D’un autre côté, j’ai fini par me sentir un peu saturé. L’accumulation d’images très organiques et glauques m’a donné l’impression que le texte restait sur le même registre sans évoluer. Le passage du rêve m’a intéressé, mais j’aurais aimé qu’il exprime beaucoup plus que l’écart entre la noirceur des actes de cet homme et sa beauté ainsi que le blanc du décor (on se croirait presque dans un hôpital !).

Si le passage aux moments du quotidien permettait un retour au réel, ces moments restent un peu en retrait par rapport au reste. Du coup, même si je reconnais une vraie singularité, je ne suis pas rentré totalement dans ce récit. Sigmund l'aurait sûrement été !

   Cyrill   
12/5/2026
trouve l'écriture
très aboutie
et
aime beaucoup
J’aime ! C’est comme une intériorité qui se projette sur l’observation d’êtres étranges. On me dirait que c’est Henri Michaux que je n’en serais pas autrement surpris.
Il y a quelque chose de viscéral dans cet univers très particulier. On y frôle le dégoût physique, mais la précision clinique permet de se distancer. Il y a des images ahurissantes. Toutes, mais notamment celles qui ont trait aux rétines ou aux dents, ou encore : « Le silence était plat, horizontal ».
La prose est ramassée sur un rythme dense. Il y a heureusement des parenthèses ‘divertissantes’ qui m’ont laissé le loisir de respirer, et sourire.
Une poétique hallucinée, sans limites imposées à l’imaginaire.
Merci pour le partage.

   Lariviere   
22/5/2026
trouve l'écriture
aboutie
et
aime beaucoup
Bonjour 100dre (quel curieux pseudo !),

J'ai bien aimé votre poème.

Il y a du Michaux effectivement dans ce choix de traitement poétique.
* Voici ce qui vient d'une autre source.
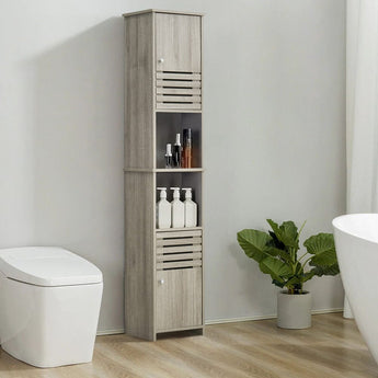 This tall cabinet has a modern and stylish design, which is sure to make a big impression on your bathroom. The strong engineered wood construction makes it sturdy and stable. It features two doors and has two handy open storage compartments in the center. This floor-standing cabinet has a slick grey oak finish, which makes it easy to clean with a damp cloth and would be an excellent storage solution for all your bathroom items.
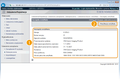 Na tym ekranie można przeglądać szczegóły dotyczące certyfikatu.

La thématique est assez proche également. La particularité du style provient de ce mélange prégnant de banalité prosaïque et de volonté existentielle à décrire de profondes angoisses, de grand trouble intérieur, tout ça dans un questionnement sous jacent dans notre rapport au réel, à sa perception, à notre vision de celui-ci, puisqu'il est beaucoup question d'yeux dans ce texte. Le vocabulaire et les images elles même sont soient assez glauques, soient relativement oppressantes. Le ton, avec ses parenthèses et un narrateur qui s'interroge lui même, frôle l'ironie, apporte une touche à l'énigmatique déjà présent du "récit", rajoute du friable à la véracité même de celui-ci, nous renvoie là encore à la notion de vérité dans notre appréhension de ce que nous appelons vulgairement le réel et qui n'est que le reflet de notre imaginaire bien subjectif percuté bon gré mal gré par ce que nous appelons la raison.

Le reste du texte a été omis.